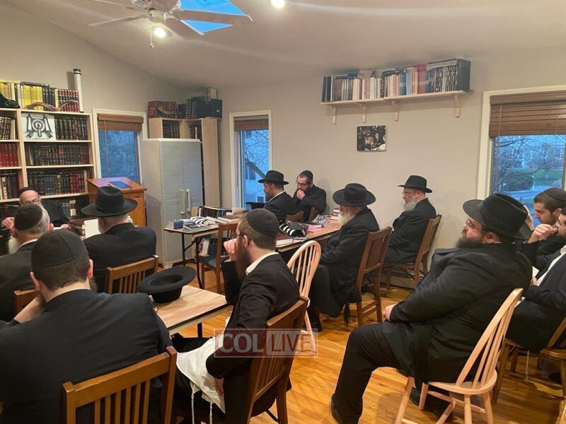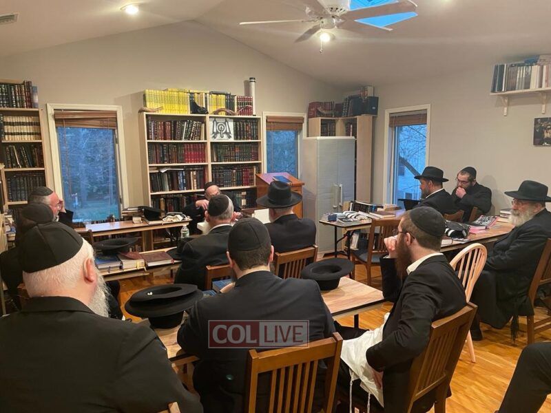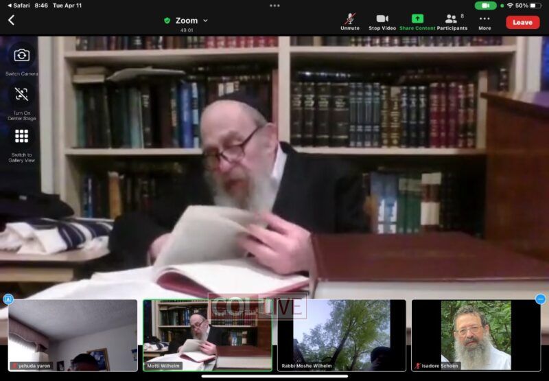 Rabbi Ezra Schochet, Rosh Yeshivas Ohr Elchanan Chabad in Los Angeles, presents a Pesach shiur at the home of his son in law, Rabbi Nachman Wilhelm, Dean of Online Semicha in Suffern, NY. Photos
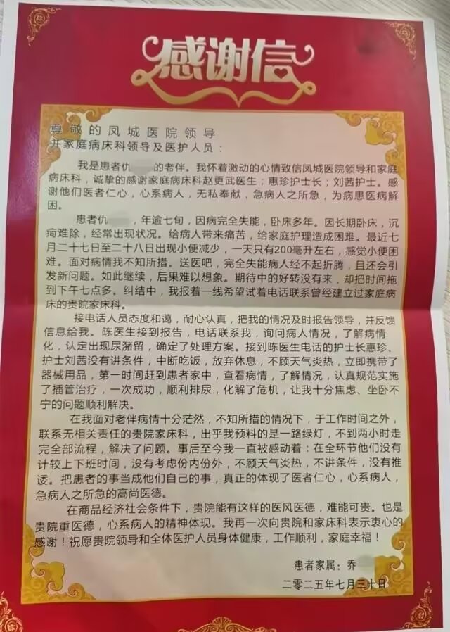 我们始终以患者为中心,用专业的技能和温暖的服务,为每一位居家患者保驾护航。让医疗有温度,让照护有深度,西安凤城医院家庭病床管理科,是您身边值得信赖的居家健康管家。
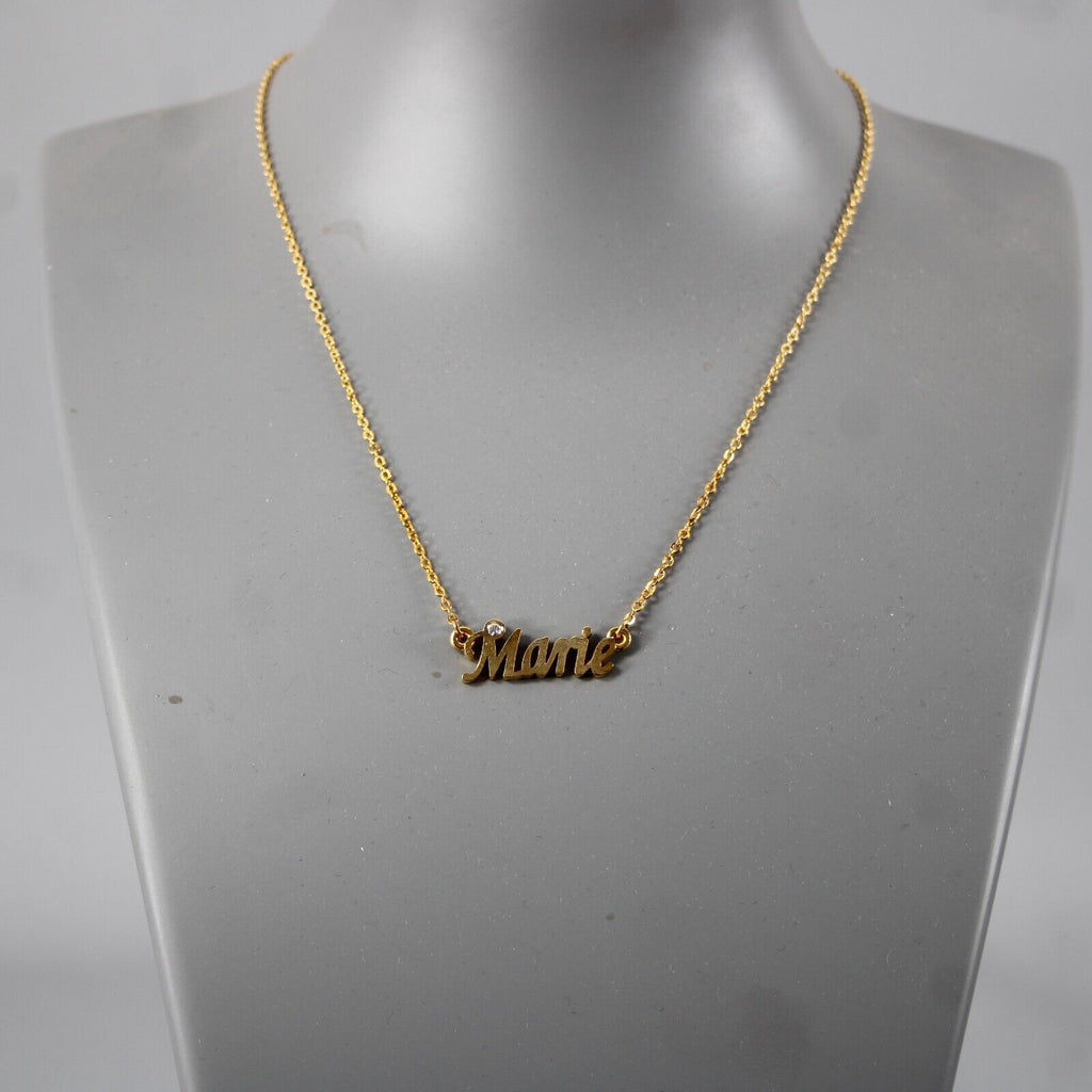 MARIE NEW Name Goldtone Rhinestone Accent 14.5" w 4.5 Multi Ring Ext Necklace

========================================================================

TASK INSTRUCTIONS:
With pictures excluded, output the listing above exactly as it stands.

RESPONSE:
 Rabbi Ezra Schochet, Rosh Yeshivas Ohr Elchanan Chabad in Los Angeles, presents a Pesach shiur at the home of his son in law, Rabbi Nachman Wilhelm, Dean of Online Semicha in Suffern, NY. Photos
 我们始终以患者为中心,用专业的技能和温暖的服务,为每一位居家患者保驾护航。让医疗有温度,让照护有深度,西安凤城医院家庭病床管理科,是您身边值得信赖的居家健康管家。
 MARIE NEW Name Goldtone Rhinestone Accent 14.5" w 4.5 Multi Ring Ext Necklace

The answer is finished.